その光景の裏で、誰も口にしない「疲れ」が積み重なっていく。

ゴールデンウィークの帰省。家族にとって特別な時間であるはずの数日間が、いま「孫疲れ」というかたちで影を落としている。そして、その影にはもう一つの存在がある。「無理をして帰省する嫁」だ。

 

 

「来てくれてうれしい」その一言の裏側

帰省の目的はシンプルだ。
「孫の顔を見せたい」「家族で過ごしたい」。

だが、受け入れる側の生活は、その瞬間から変わる。

朝は早くから食事の準備に追われ、昼は孫の相手、夜は洗濯物の山に向き合う。普段は二人で静かに暮らしている家が、一時的に“大家族”へと変わる。

ある祖父母は言う。
「帰ってくるのはうれしい。でも、帰ったあと、しばらく何もしたくなくなる」

別の家庭では、食べ盛りの孫のためにごちそうを並べ続け、気づけば数日で一カ月分の食費が消えていた。

それでも、祖父母は笑う。
「喜んでくれるから」

その笑顔の裏にあるのは、疲労と、そして“期待に応えなければならない”という見えない圧力だ。

 

「言えない」ことで深まる負担

祖父母世代は、限界まで頑張ってしまう。

「しんどい」と言えば心配をかける。
「お金が厳しい」と言えば空気が重くなる。

だから、言わない。
言わないまま、続ける。

だが、無理は長くは続かない。ある日突然、「もう来ないで」と口にしてしまう。その一言は、それまで積み重ねた関係を一瞬で壊してしまうこともある。

問題は、疲れそのものではない。
“伝えられない優しさ”が、負担を見えなくしてしまうことにある。

 

もう一つの沈黙 「帰りたくないけど帰る」嫁

この問題には、もう一人の当事者がいる。

子育て世代の中でも、特に「嫁」の立場だ。

帰省は、必ずしも安らぎではない。
むしろ、緊張の連続であることも多い。

「行かないわけにはいかない」
「子どもを会わせないといけない」
「気を遣わせたくないから、できるだけ手伝う」

そうして、自分の疲れは後回しになる。

移動だけでも大きな負担だ。混雑した交通機関、子どもの世話、荷物の多さ。到着した頃には、すでに疲れ切っている。それでも、笑顔を作る。

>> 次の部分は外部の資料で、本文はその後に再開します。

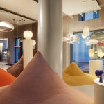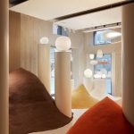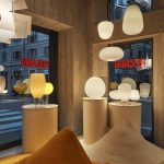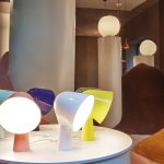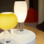 Las protagonistas del primer escaparate en Corso Monforte son las casuales y coloridas Binic de Ionna Vautrin, pequeñas luces de mesa capaces de suscitar una simpatía inmediata por su formas lúdicas. Al lado, ocupan la escena las luces de suspensión y de mesa Rituals de Ludovica + Roberto Palomba, caracterizadas por la especial elaboración del vidrio soplado, repleto de ligeras ondulaciones que crean una iluminación cálida y vibrante. Se presentan cerca de las lámparas de mesa Buds de Rodolfo Dordoni, una colección refinada en la que el vidrio soplado es el protagonista absoluto, combinado con una base transparente que valoriza su pureza formal. También captura la atención la escenográfica lámpara de suspensión Big Bang de Vicente García Jiménez y Enrico Franzolini y la dinámica y ligera Plena de Eugenio Gargioni y Guillaume Albouy, una luz con un encanto e interés especial, capaz de iluminar completamente una habitación manteniéndose de todas formas suave y envolvente.
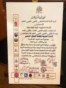في إطار التعاون بين جامعة الزيتونة، والمؤسسات العلمية، والثقافية الدولية، وتشجيعا من رئاسة الجامعة لأعضاء هيأة التدريس، والباحثين، اختتم الملتقى العلمي العربية المنعقد بمدينة الإسكندرية، أعمال مؤتمر (الأسرة والتحول الرقمي) وذلك يوم الخميس 15 فبراير 2024م، والذي كان برعاية جامعة الزيتونة، وجامعات عربية، وبمشاركة الأستاذ الدكتور نجمة خليفة عطية رئيس قسم اللغة العربية بكلية اللغات والترجمة، وبصفتها مديرا لمكتب ليبيا، ومتحدثا رسميا نائبا عن جامعة الزيتونة، حيث عرفت أ.د نجمة عطية بالجامعة : النشأة، والرؤية، والأهداف، والرسالة، ودورها في دعم العملية التعليمية داخل الجامعة، ومساهمتها المجتمعية وفق القيم والمبادئ الإسلامية. كما شاركت أ.د نجمة عطية بورقة بحثية تحت عنوان (فاعلية الألعاب الإلكترونية في تكوين ثقافة الطفل الإسلامية، وتنمية مهاراته اللغوية) وعلى هامش المؤتمر استلمت أ.د نجمة عطية درع الملتقى نيابة عن رئيس الجامعة، وكتيب المؤتمر والذى احتوى بين دفتيه تعريفا بجامعة الزيتونة، ورمز عرفان ووفاء تقديرا لما قدمه رئيس الجامعة .أ.د محمد عبد الصادق محمد من مجهودات لإنجاح أعمال المؤتمر ، تشجيعا للباحثين والأكاديميين للنهوض بأعمال بحثية دعما للحركة العلمية في البلاد العربية.

そして、その“頑張り”は、祖父母の「もっとしてあげたい」という気持ちを引き出してしまう。

結果として、双方が無理を重ねる。

優しさが、負担を増幅させている。

 

なぜ人は「優しさで無理をしてしまう」のか

ここに、この問題の核心がある。

人はなぜ、無理をしてまで優しくしようとするのか。

理由の一つは、「関係を壊したくない」という恐れだ。
もう一つは、「期待に応えたい」という欲求だ。

祖父母は、「いい祖父母でありたい」と思う。
嫁は、「良い関係を保ちたい」と思う。

そのどちらもが間違っているわけではない。むしろ自然な感情だ。

しかし、その感情が「我慢」という形で表れたとき、問題は始まる。

我慢は、一時的には関係を円滑にする。だが長く続けば、やがて歪みとなって現れる。

つまり、「優しさ」と「無理」は紙一重なのだ。

 

三世代のズレが生む“見えない摩擦”

現代の家族構造は大きく変わった。

かつては日常的に関わっていた祖父母と孫が、今は“たまに会う存在”になっている。その分、一度の帰省に負担が集中する。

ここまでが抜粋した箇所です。